Methodological description
(a) Underlying Definitions and Concepts: Actual forest harvest is defined as the area of
“principal felling”, or industrial harvest cut of the mature trees for industrial purposes or sales.
(b) Measuring Methods: Regional and local timber industrial enterprises (leskhozy) are
responsible for earmarking harvest sites.
(c) Limitations of the Indicator: Data on actual forest harvest are dispersed among different
agencies. Very often principal felling is reported as sanitary cuttings.
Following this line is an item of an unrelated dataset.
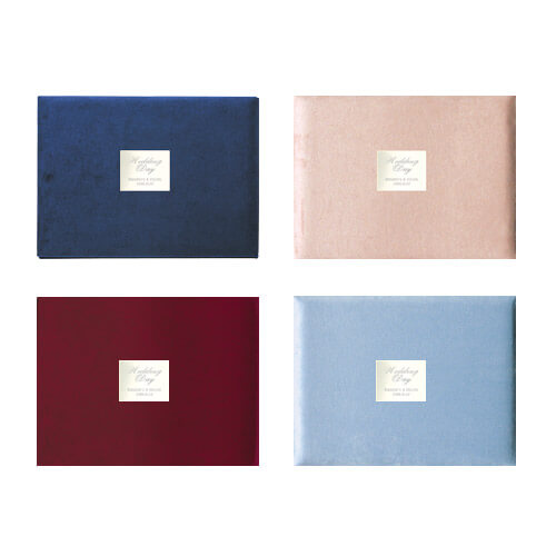 高級感漂うスエード素材の2つ折りタイプで、表紙には名前と日付を刻印したアルミプレート付き。

Illegal logging is the most
important problem for the Russian forests.
(d) Availability and Sources of Data: Only data on the forests managed by the Ministry of
Natural Resources are available; regional and local forest data are hard to obtain.

Area of forest fires

Brief Definition
Units
Agenda 21

The area of the forest destroyed or damaged by the fires.
ha per tear
Chapter 11: Combating Deforestation.
Policy relevance
(a) Purpose: The indicator shows the forest area which was destroyed or damaged as a result
of forest fires.
(b) Relevance to Sustainable Development: See this section in Forest Area Change.
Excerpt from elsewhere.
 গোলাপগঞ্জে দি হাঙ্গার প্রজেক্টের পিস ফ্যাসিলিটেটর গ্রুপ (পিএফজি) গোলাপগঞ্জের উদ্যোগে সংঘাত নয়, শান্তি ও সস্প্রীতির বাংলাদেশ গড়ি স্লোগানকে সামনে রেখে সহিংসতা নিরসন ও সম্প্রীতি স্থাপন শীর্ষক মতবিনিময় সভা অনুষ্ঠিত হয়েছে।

(c) Linkages to Other Indicators: The indicator is closely linked with other forestry indicators
as well as with environmental indicators such as protected area, threatened species,
environmental protection expenditure, etc.
Methodological description
(a) Underlying Definitions and Concepts: A forest fire is defined as any wildfire or
uncontrolled fire that is burning in a wooded area.
(b) Measuring Methods: Leskhozy are responsible for forest fire statistics.
(c) Limitations of the Indicator: There is no single fire reporting system, and many fires
remain unreported.
(d) Availability and Sources of Data: Data on the forests managed by the MNR are only
available; regional and local forest data are hard to obtain.